Sunday, March 11, 2012

Another Day, Another Dilemma

Lost.  A whole day and night, for the most part, just gone.  I feel like I've been manic and have just crashed.  I also feel like I've been doing a hell of a lot of talking and socializing but I can't remember with whom.  Pretty sure we made some new online friends....now if only we could remember their names.  That's so annoying-to know that I made conversation with someone and we got along well but then after it's over I can't remember who they were or what we talked about.  Makes friendships difficult online.  In real life, I can at least recognize a person's face (well, sometimes) but even then I still have trouble remembering conversations, or even names.
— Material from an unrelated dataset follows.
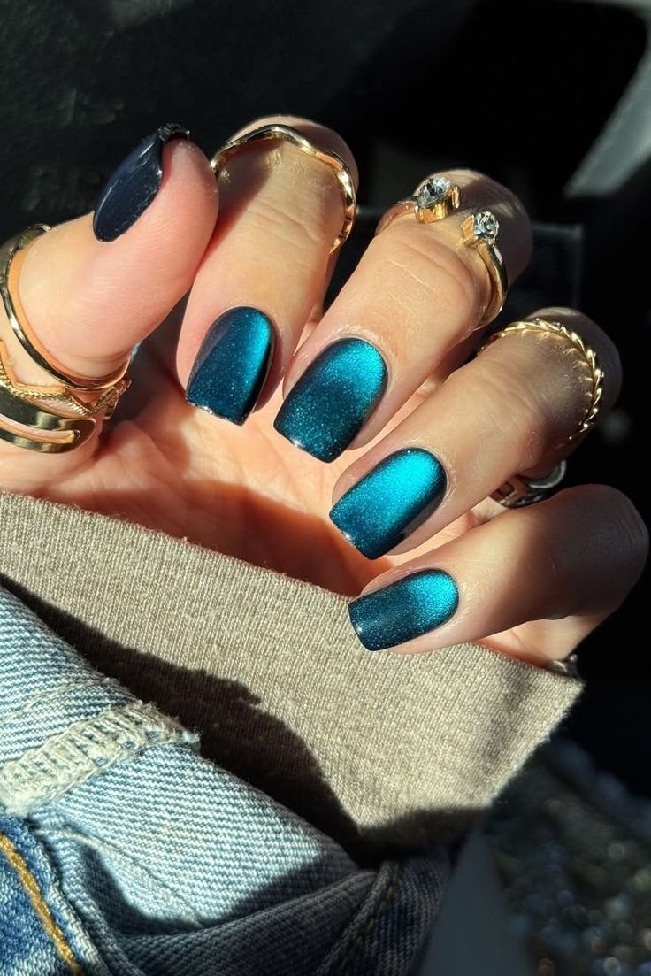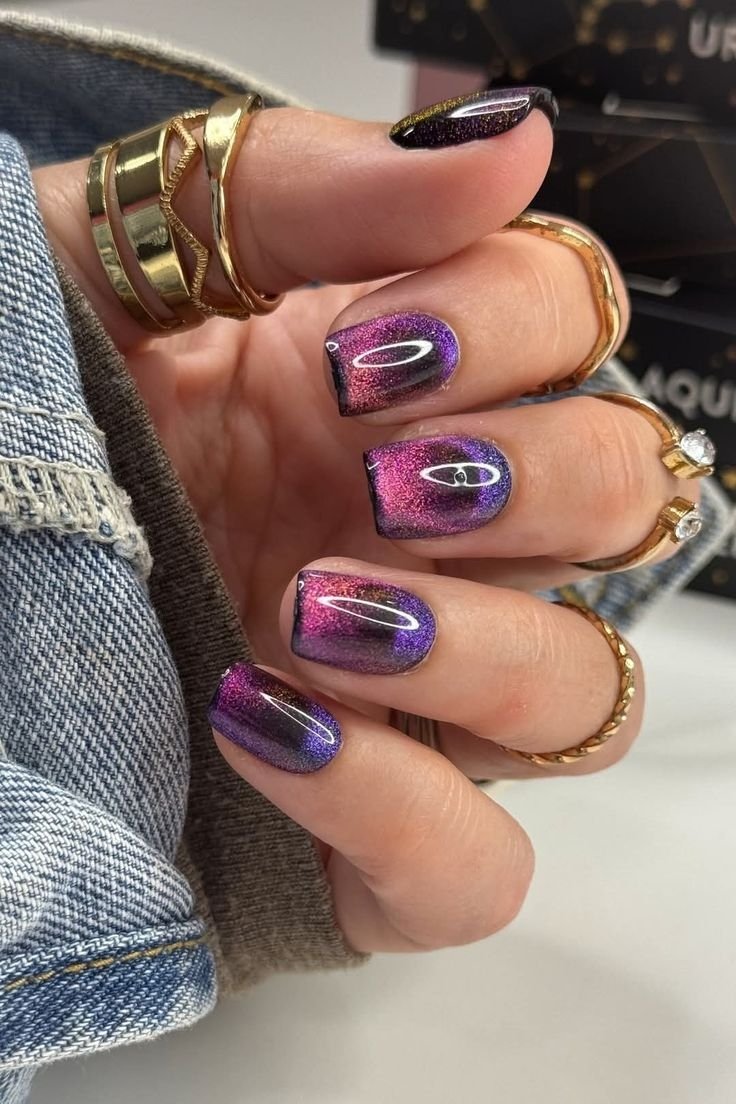Манікюр "котяче око" у 2026 році трансформується у надсучасний тренд із ефектом глибини, що нагадує космічні туманності або коштовне каміння. На піку популярності будуть насичені смарагдові, глибокі сині та містичні фіолетові відтінки, які створюють розкішний об’єм на нігтях будь-якої довжини. Майстри радять використовувати оновлену техніку з двома магнітами для отримання кришталевого відблиску, що робить манікюр схожим на рідке скло.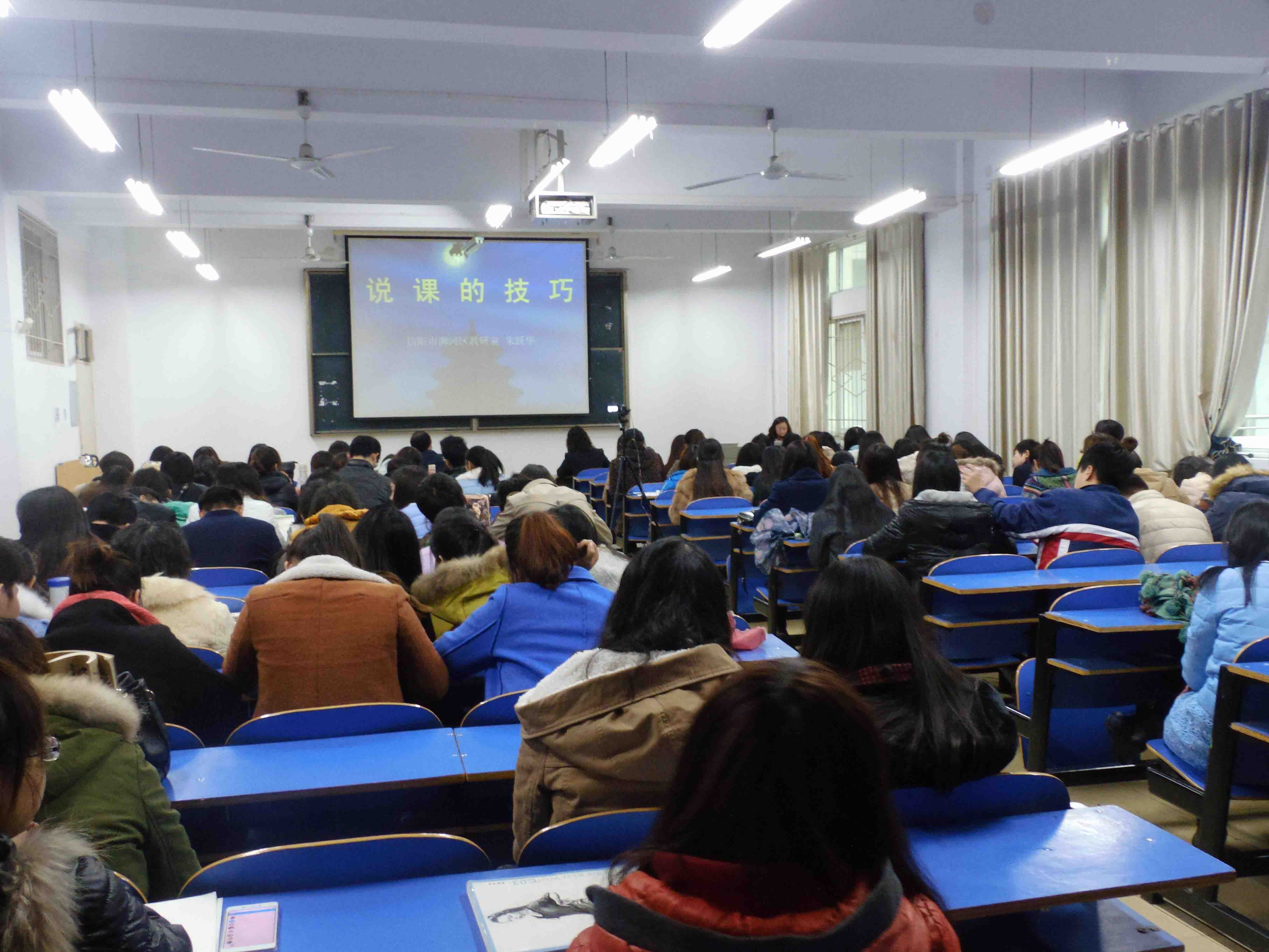 朱继来老师作为一线教学管理人员,他在简要介绍学校的基本情况以后,重点探讨了关于如何在新形势下提升我们的课堂教学的成效,最终目的是推动基础教育课程的优质均衡发展,办教师幸福、学生快乐、群众满意的好教育。二是与美术学院关于教育硕士的实践环节:双方共同为培养好高素质、高水平的教育人才而努力奋斗。紧接着,来自信阳市浉河区教体局的朱跃华老师为我们带来了题为“说课的技巧”的讲座,朱跃华老师通过对于美术教育的专业性思考,将自己的感想和经验传授给了到场的学子们,两位老师的学术讲座图文并茂、动静结合、深入浅出,非常实用,十分精彩。获得在场师生的一致好评。讲座的最后,与会同学就教师招聘政策及教育管理等方面的问题与朱继来校长和朱跃华老师进行了丰富的互动,两位老师并逐一耐心地解答了大家的问题。

I've been trying so hard to develop a support system for us on Twitter, and I think we've done a pretty good job, only when I really need to talk to someone about something important, I can't remember just who it is that I'm close to. *sigh*  Truthfully speaking, I don't know if I'm actually close to anyone, either online or in real life.  And it's far too embarrassing to tweet everybody, asking if we're friends or not.  Plus, the paranoia is stifling me.  I'm paranoid I might've been the mean K at some point, and perhaps said something horrible to another Tweep and maybe I've angered someone or worse, hurt someone's feelings.  I worry so much about what other people think about us; that's the number one reason we keep our illness a secret from the outside world.  My closest friends don't know about my mental illness.  A lot of people know I take anti-depressants and so they assume I'm just chronically depressed or maybe bipolar or something they're familiar with.  I would never dare tell anyone about my dissociative disorder.  That's just TOO weird.  People can't wrap their brains around it. I don't want people to look at me differently, or treat me differently, or talk about me behind my back.  So I hide my symptoms.  From everyone.  Most of the people I hang out with in real life have been with different K's at different times but never even knew.  Because I keep quiet.  I'm shy, and I"m scared of revealing my terrible secret.  This disorder I have is the stuff of Hollywood movies, the type of mental illness that's always portrayed in a negative light, as though we are dangerous or deceptive. I don't think I'm either of those things, although I am aware that one of the K's has tendencies to do things which we find questionable or even wrong.  But that's not all of me.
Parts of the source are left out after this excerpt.